What did Christ mean when he told his disciples that anyone following him must "take up his cross and follow me"? I cannot follow in sandaled feet down dusty Palestinian roads with nothing but the clothes on my back: too many things call me back to my own continent, my livelihood, my books and belongings, my family. For those that could, and did, leave everything to take up the burden of discipleship during those uncertain times, what did it do to their families? Did they ever go back to fishing for a living? This is not the first time I've wondered about this, of course, but the first time that the real weight of adulthood, sitting squarely on my shoulders, has made me wonder what other burdens might take its place, what lighter or heavier loads might eventually rest there. What cross is mine to take up now, and where must I go with it?

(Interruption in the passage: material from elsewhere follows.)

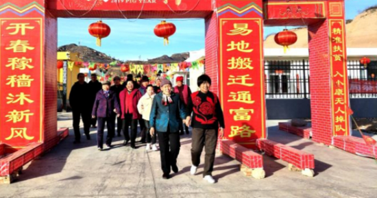 大峪坪易地搬遷點(diǎn)是晉中市太谷區(qū)完成整村搬遷入住的第一村,春節(jié)前夕,村兩委班子張羅著將小區(qū)布置一新,大門口制作了喜慶醒目的迎春牌樓,牌樓兩側(cè)寫有群眾自編的新春聯(lián),上聯(lián)是:開春稼穡沐新風(fēng),下聯(lián)是:易地搬遷通富路。東側(cè)的門柱上寫著:精準(zhǔn)扶貧,入小康無人掉隊(duì)。

I didn't think of anything in my life as much of a cross to bear while growing up, even as I heard sermons and lessons about it. By the end of college, I had come to identify the pervasive loneliness that had crept over me and settled for four years--a loneliness I knew would only leave with the arrival of romance--as my cross to bear. All else was really right in my life, and this one thing the source of pain, fatigue, and emotional splinters in my side. To call it a cross was my way of acknowledging its very real presence, while propelling myself forward out of self-pity and debilitating self-awareness. When romance did come, and stayed, life was suddenly more bearable, and I more resilient. We might say that carrying a burden strengthens a person in specific ways, but most of us are (and ought to be) relieved to find our tasks simpler and more fluid when we are free to perform them without the extra weight.

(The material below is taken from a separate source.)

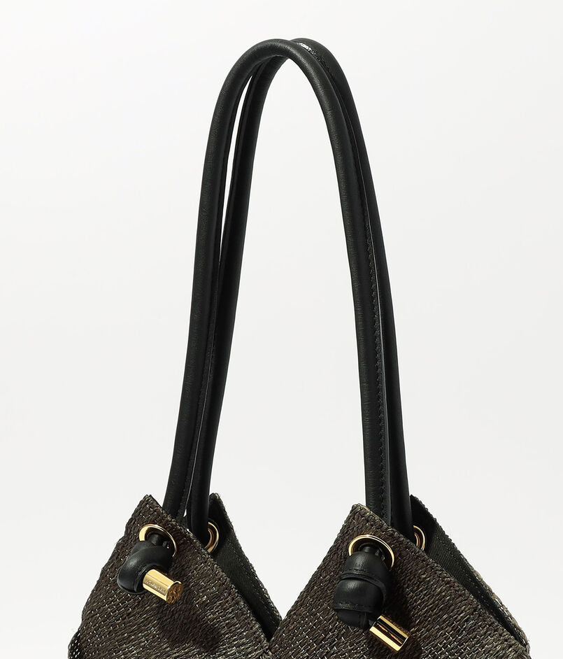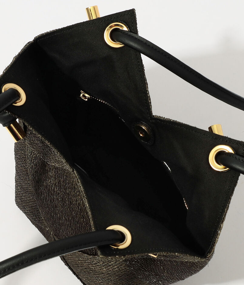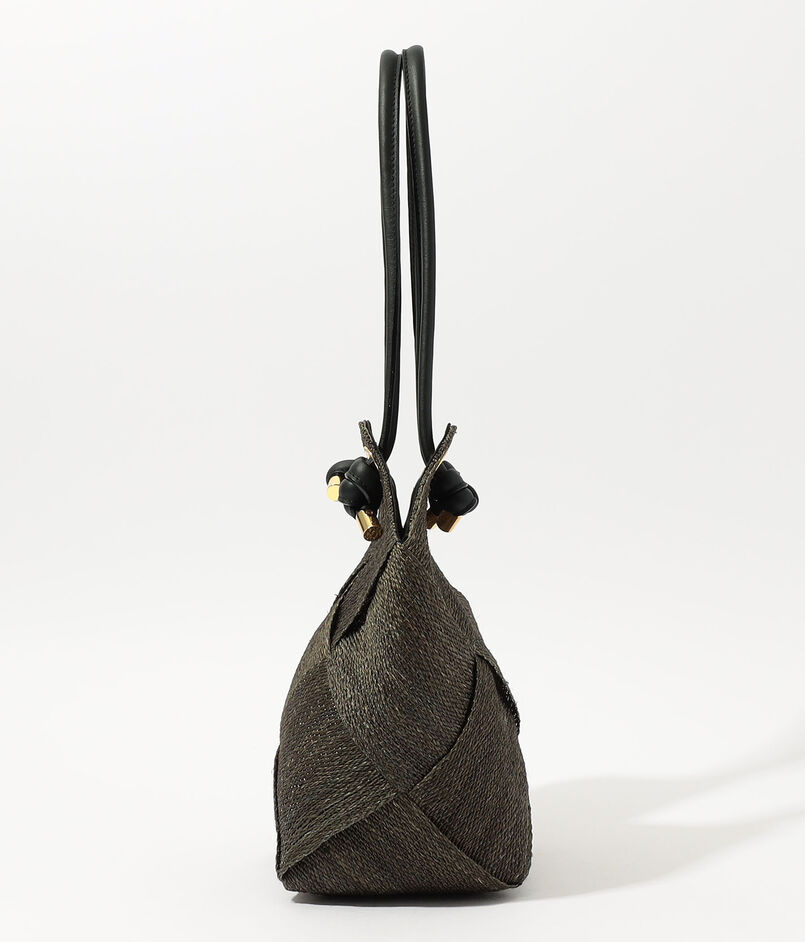 アバカをメッシュのように組んだ立体感のある表情が印象的なバッグ。

If I had to guess, I would say that my cross now is my work: a constant source of dissatisfaction, it daily steals my joy and makes me feel...so...old and uninspired. Short of that, all else is basically well. So how should I bear that cross? I put it down, kick it around, complain of splinters, and then pick it up again for a few more hours. I "render unto Caesar what is Caesar's," and grudgingly, but what in my work is God's and ought to be rendered more cheerfully?